Both Drury and Reimers have electric wheelchairs that they mistake for their legs.

When the three friends left Des Moines for their trip, both Drury and Reimers arranged to have their wheelchairs waiting for them at the Houston gate, which they would reach after catching their connecting flight in Dallas.

However, when they arrived in Houston, their wheelchairs were nowhere to be seen.

“They taxied us to the American Airline counter and apologized for why they couldn’t take them there,” said Reimers, who also said she and her friends tried to offer solutions, like putting her in a FedEx vehicle or her to get on the next flight. “All the answers were ‘no, we can’t. No, we can’t. The best we can do with a flight is tomorrow morning at 9am.”

Drury, Reimers and Boner had to book a hotel at the airport instead of going to the one already booked. Boner says she had to act as her caretaker.

“I would do it in a heartbeat, but that’s something the airline should have figured out,” Boner said. “I had to take her to the bathroom. I had to put her to bed. They can usually do this in their wheelchairs. It’s almost disheartening that they were just written off.”

Reimers tells KCCI that they had to call the American Airlines counter in the morning and go there themselves to look for their wheelchairs. Instead of at the gate, it was at the baggage claim. That’s where they found the wheelchairs. Reimers says hers is broken and Drury’s is scratched.

“My controller at the time was broken and damaged. I proceeded to confront the gentleman at the desk and his solution to help me was to zip tie and tape the controller together so we could exit the airport and then file complaints with American Airlines,” Reimers said.

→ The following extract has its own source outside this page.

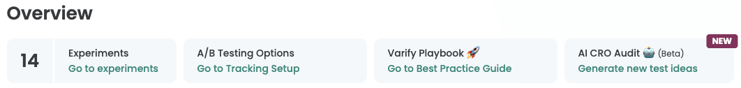 In this article, you will learn where to find the Varify AI CRO Audit, how to start an audit and how to retrieve the results. The AI CRO Audit analyzes any page and provides you with CRO insights, concrete recommendations and 10 test ideas that you can use directly for A/B tests.
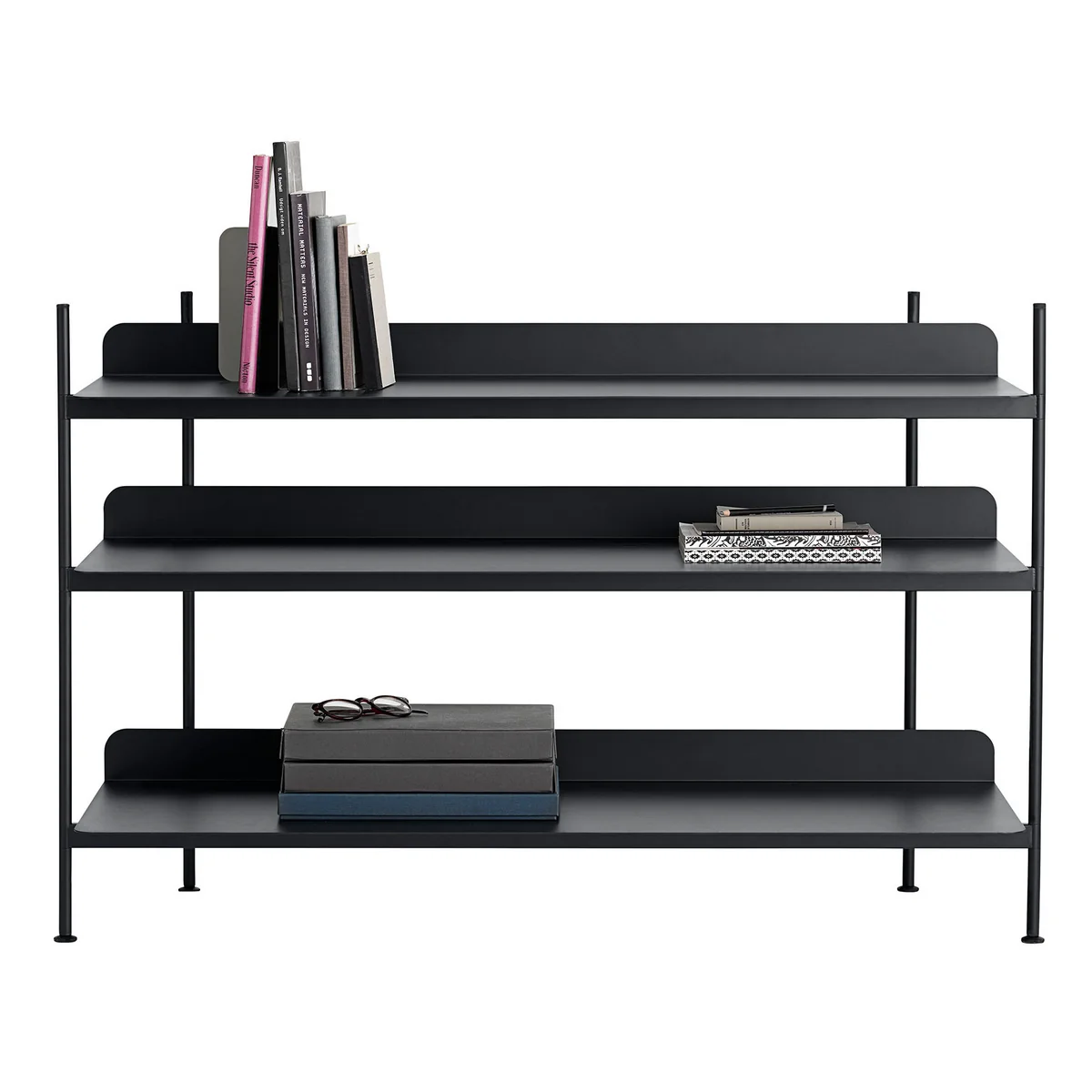 Compile est une version moderne du système d’étagères classique. Un niveau se compose d’une étagère avec deux tubes de construction qui sont disponibles en trois hauteurs différentes. Ainsi, vous pouvez choisir vous-même l’espace entre les étagères.

Reimers says they sent someone a few hours later to try and fix it with a bolt, but she still had to have it fixed when she got back.

The wheelchairs cost between $15,000 and $20,000.

The women say American Airlines tried to pay them $500 in compensation, but that’s not what they want.

They want to change something so that no one else has to have a similar experience.

“If we don’t use our voice to make that change, they won’t do it,” Drury said of airlines.

That brought her to Michael Marquess, a Marshalltown attorney. Marquess said the Department of Transportation has a bill for people with disabilities that he says hasn’t been followed in this situation.

“It requires airlines in particular – when they provide public accommodation – to ensure that people who rely on these types of mobility devices have them available immediately after landing and that they are not damaged,” Marquis said. “In addition, if there are problems, that the reaction is immediate and appropriate. All of that was missing here.”

KCCI has approached American Airlines. However, American Airlines has not responded to KCCI’s repeated attempts to comment.

Marquess says he and the young women are in the process of putting together a complaint for legal purposes.